The Extreme-ultraviolet Stellar Characterization for Atmospheric Physics and Evolution (ESCAPE) Mission: Motivation and Overview

TL;DR

ESCAPE is a small astrophysics mission using ultraviolet spectroscopy to study high-energy radiation from nearby stars, crucial for understanding exoplanet habitability and guiding future NASA life-finder missions.

Contribution

It provides the first comprehensive EUV and coronal mass ejection environment data for habitable zone stars, with significant efficiency improvements over previous missions.

Findings

First detailed EUV stellar environment data

Enhanced EUV observational efficiency by two orders of magnitude

Identification of exoplanetary systems suitable for habitability

Abstract

The Extreme-ultraviolet Stellar Characterization for Atmospheric Physics and Evolution (ESCAPE) mission is an astrophysics Small Explorer employing ultraviolet spectroscopy (EUV: 80 - 825 \AA\ and FUV: 1280 - 1650 \AA) to explore the high-energy radiation environment in the habitable zones around nearby stars.
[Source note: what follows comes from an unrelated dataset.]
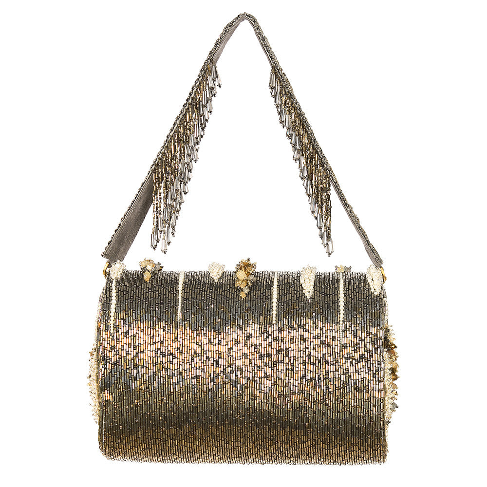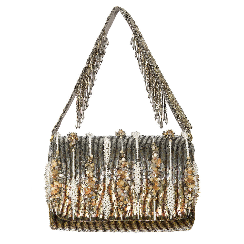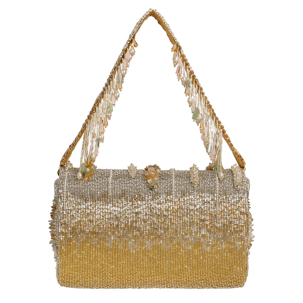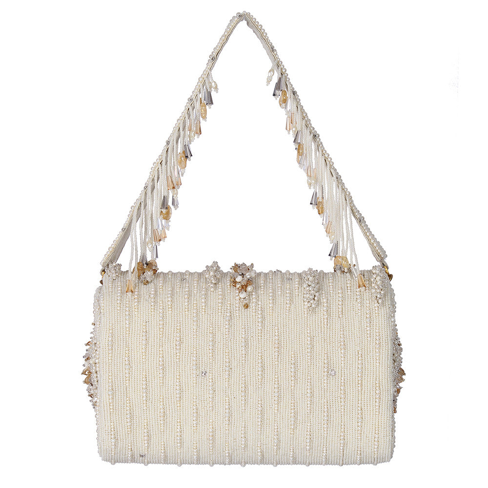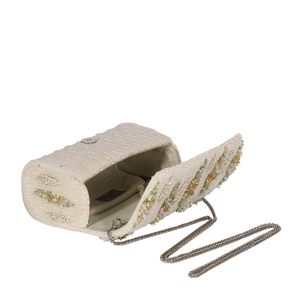 Nora Flapover Clutch Pristine Ivory Peerless Gold Lustrous Silver With Handle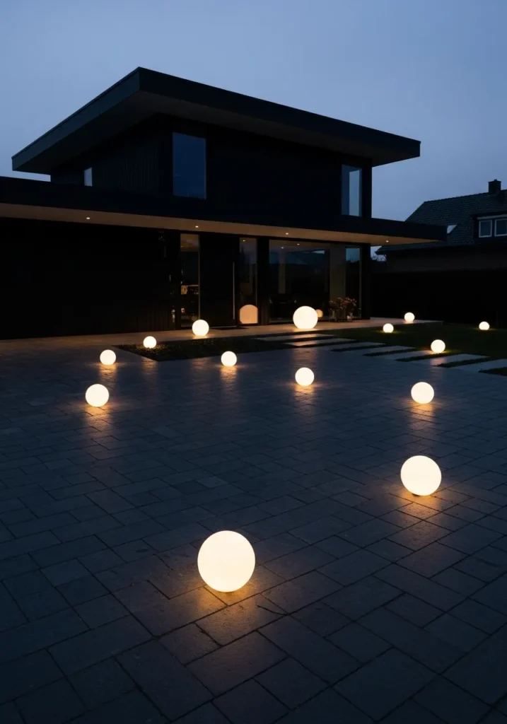 This modern home design plays with minimalism and light in the most magical way. The clean, geometric lines of the dark exterior are perfectly balanced by the soft, round glow of the illuminated spheres scattered across the courtyard. Each orb of light feels like it’s floating on air, creating a serene, futuristic ambiance that’s both welcoming and sleek. The contrast between the dark architecture and the warm lights instantly turns the space into a modern Christmas dreamscape without a single strand of tinsel in sight.

ESCAPE provides the first comprehensive study of the stellar EUV and coronal mass ejection environments which directly impact the habitability of rocky exoplanets. In a 20 month science mission, ESCAPE will provide the essential stellar characterization to identify exoplanetary systems most conducive to habitability and provide a roadmap for NASA's future life-finder missions. ESCAPE accomplishes this goal with roughly two-order-of-magnitude gains in EUV efficiency over previous missions. ESCAPE employs a grazing incidence telescope that feeds an EUV and FUV spectrograph. The ESCAPE science instrument builds on previous ultraviolet and X-ray instrumentation, grazing incidence optical systems, and photon-counting ultraviolet detectors used on NASA astrophysics, heliophysics, and planetary science missions. The ESCAPE spacecraft bus is the versatile and high-heritage Ball Aerospace BCP Small spacecraft. Data archives will be housed at the Mikulski Archive for Space Telescopes (MAST).